The U.S. Supreme Court has given President Donald Trump’s administration the green light to deport eight immigrants held at an American military base in Djibouti to war-torn South Sudan.
The immigrants, who have been held under guard for more than a month, are mainly from Vietnam, South Korea, Mexico, Laos, Cuba, and Myanmar.
They have been convicted of serious crimes in the U.S. and also detained at Camp Lemonnier, a military base, ever since.
They spent almost all their time inside a modular, air-conditioned container, which the military typically uses as a conference room, according to a New York Times report.
The court gave the order on Thursday after its conservative majority last month decided that immigration officials can quickly deport people to countries to which they have no connection.
The order paused a district judge’s earlier ruling that immigrants being sent to third countries must first be allowed to prove they would face torture, persecution, or death if they were sent there.
An administration official said it would promptly send the men to the war-torn nation.
The U.S. and South Sudan authorities have not disclosed what will happen to the men upon their arrival.
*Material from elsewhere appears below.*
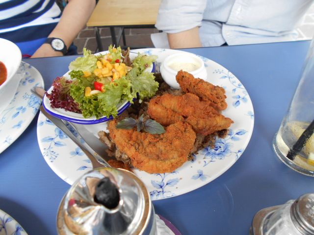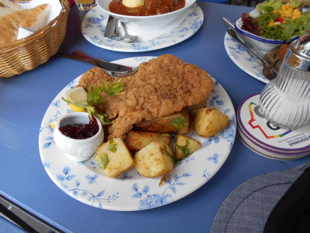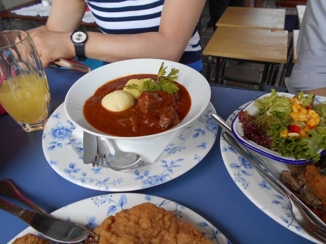 ホテルの周りを歩いて、カジュアルな感じのこちらで頂きました。定番のシュニッツェル、グラーシュにレバーの揚げ物。ビールは、もちろんゲッサー。初めて飲みましたが、飲みやすくておいしいですね。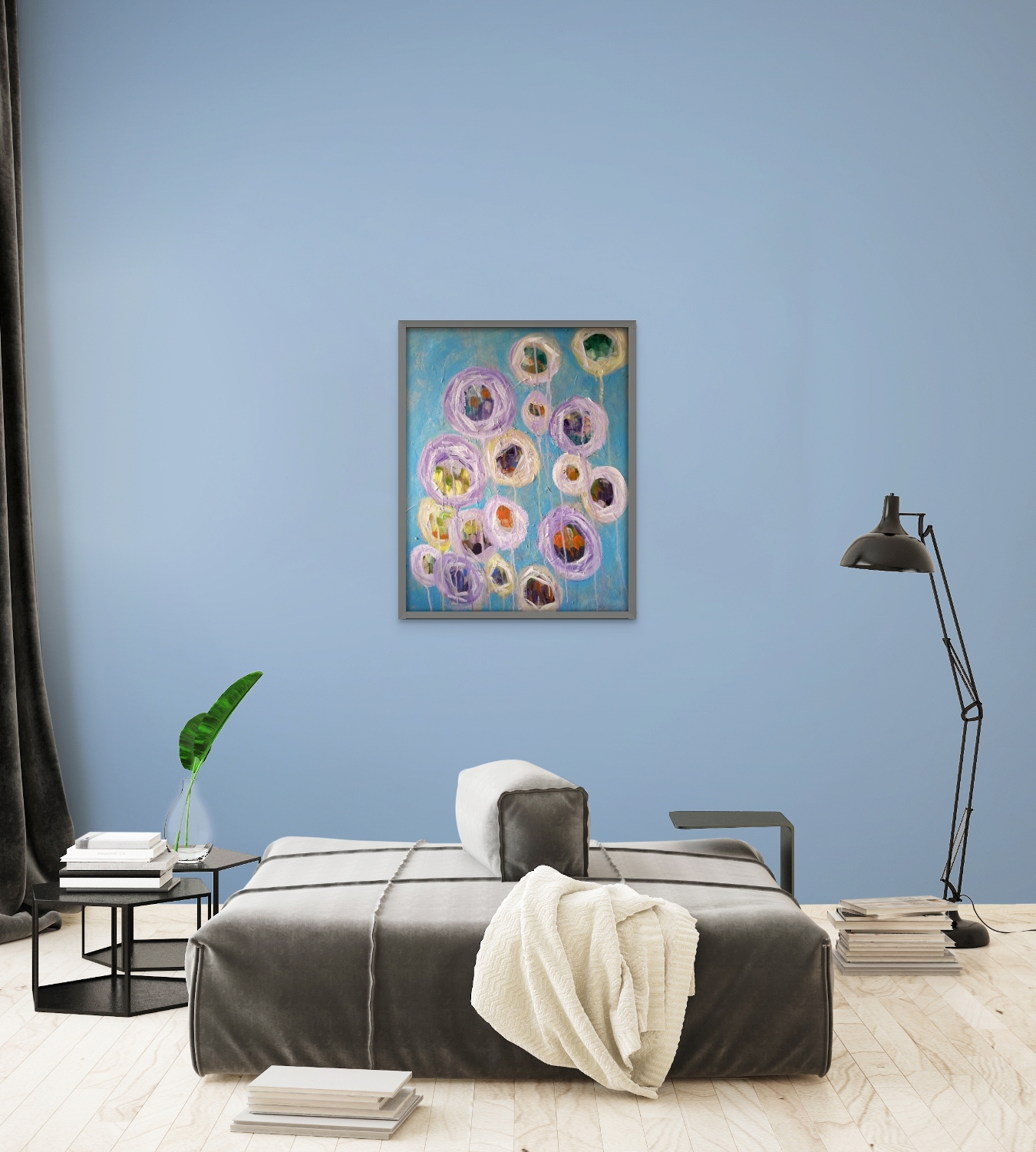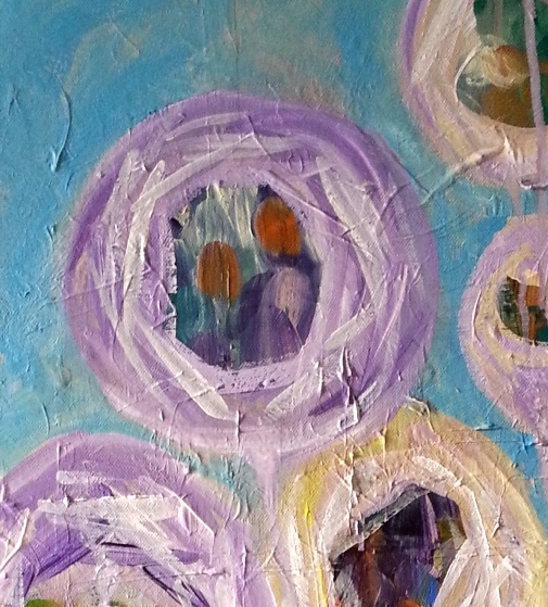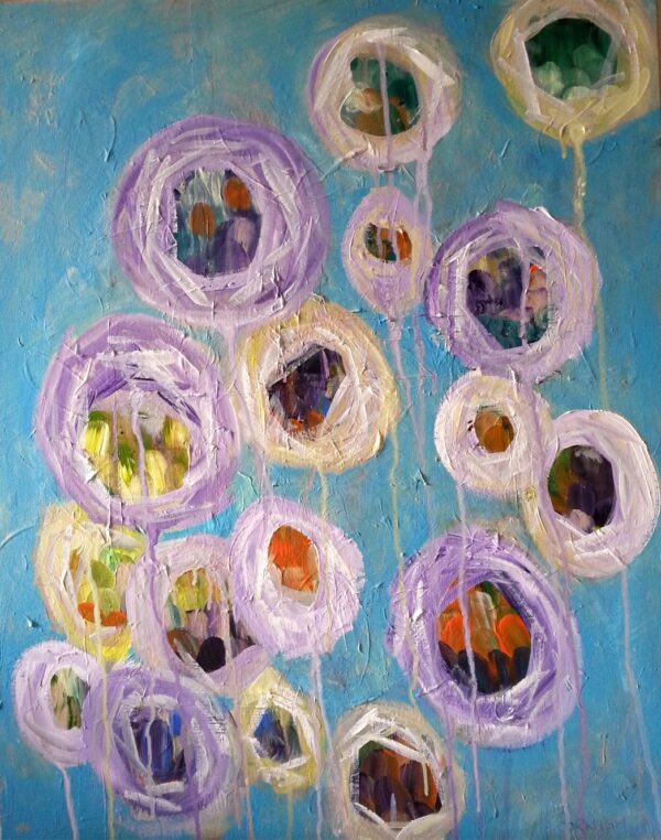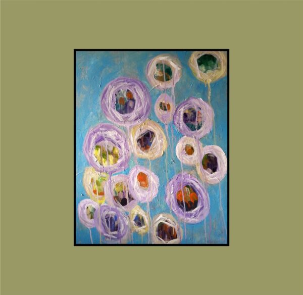 This is a fun abstract work, acrylics on canvas. Are they balloons or flowers? Multicoloured details encircled by lilac and cream surrounds, painted on a blue ground. For sale unframed with certification.

It is the second time that the court will rule in the case.
Last month, the court paused a trial judge’s order that had barred the administration from deporting migrants to countries other than their own unless they had a chance to argue that they would face torture.
Amid the development, lawyers for the eight men rushed back to the trial judge, who blocked their removal again.
One of the lawyers for the eight men and executive director of the National Immigration Litigation Alliance, Trina Realmuto, said that the eight men could “face perilous conditions, and potentially immediate detention, upon arrival”.
In May this year, Mr Trump’s government loaded eight men on a plane said to be headed to South Sudan, a violence-plagued African country where only one held citizenship.
But judge Brian Murphy of the U.S. District Court in Boston intervened, and their flight landed instead in the East African nation of Djibouti.
Tricia McLaughlin, a spokeswoman for the Department of Homeland Security, welcomed Thursday’s ruling.
“These sickos will be in South Sudan by Independence Day,” she said.